1 Mit Bescheid vom 23. Dezember 2020 stellte die Sozialversicherungsanstalt der Selbständigen (SVS) fest, dass für den Revisionswerber in der Kranken , Pensions und Unfallversicherung der Bauern für den Zeitraum von 1. Jänner 2018 bis zum 31. Dezember 2018 eine monatliche Beitragsgrundlage von € 5.247,39 zugrunde zu legen sei.
2 In der dagegen gerichteten Beschwerde machte der Revisionswerber geltend, die SVS hätte bei der Berechnung der Beitragsgrundlage den Erlös, den der Revisionswerber aus der Veräußerung einer Schottergrube erzielt habe, nicht als Einkünfte des Revisionswerbers miteinbeziehen dürfen.

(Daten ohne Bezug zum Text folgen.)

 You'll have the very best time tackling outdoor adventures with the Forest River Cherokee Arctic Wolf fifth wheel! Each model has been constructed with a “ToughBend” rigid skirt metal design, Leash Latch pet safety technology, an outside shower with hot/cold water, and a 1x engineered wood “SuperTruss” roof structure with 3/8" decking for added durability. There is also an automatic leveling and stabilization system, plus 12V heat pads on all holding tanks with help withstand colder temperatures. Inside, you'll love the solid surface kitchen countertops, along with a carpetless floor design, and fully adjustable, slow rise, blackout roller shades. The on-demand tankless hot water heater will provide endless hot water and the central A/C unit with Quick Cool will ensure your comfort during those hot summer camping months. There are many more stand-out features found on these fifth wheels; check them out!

3 Mit dem angefochtenen Erkenntnis stellte das Bundesverwaltungsgericht in Erledigung der Beschwerde fest, dass für den Revisionswerber in der Kranken , Pensions und Unfallversicherung der Bauern für den genannten Zeitraum eine monatliche Beitragsgrundlage von € 4.881,70 zugrunde zu legen sei. Im Übrigen wies das Bundesverwaltungsgericht die Beschwerde ab. Die Revision erklärte das Bundesverwaltungsgericht gemäß Art. 133 Abs. 4 B VG für nicht zulässig.

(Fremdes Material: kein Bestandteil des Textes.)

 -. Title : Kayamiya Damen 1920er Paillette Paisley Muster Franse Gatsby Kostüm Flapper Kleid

4 In der Begründung führte das Bundesverwaltungsgericht insbesondere aus, die Beitragsgrundlage des unstrittig wegen Bewirtschaftung eines land und forstwirtschaftlichen Betriebes auf eigene Rechnung und Gefahr nach dem BSVG pflichtversicherten Revisionswerbers sei aufgrund der Wahl der Beitragsgrundlagenoption gemäß § 23 Abs. 1a BSVG auf Basis des Einkommensteuerbescheides (anstatt des Versicherungswertes gemäß § 23 Abs. 2 BSVG) zu ermitteln (vgl. § 23 Abs. 4 BSVG). Strittig sei, ob der Erlös aus der Veräußerung einer Liegenschaft mit der darauf befindlichen Schottergrube im Jahr 2018 einen Veräußerungsgewinn im Sinne des EStG 1988 darstelle und ob in weiterer Folge gemäß § 23 Abs. 4 Z 2 BSVG die Beitragsgrundlage des Revisionswerbers entsprechend zu vermindern sei. Zwar verweise § 23 Abs. 4 BSVG nicht ausdrücklich auf § 24 EStG 1988; von der „Heranziehung“ des § 24 EStG 1988 gehe jedoch auch der Verwaltungsgerichtshof im Erkenntnis VwGH 14.1.2013, 2010/08/0202, wenn auch zur Frage der unterjährigen Beendigung der Tätigkeit, aus.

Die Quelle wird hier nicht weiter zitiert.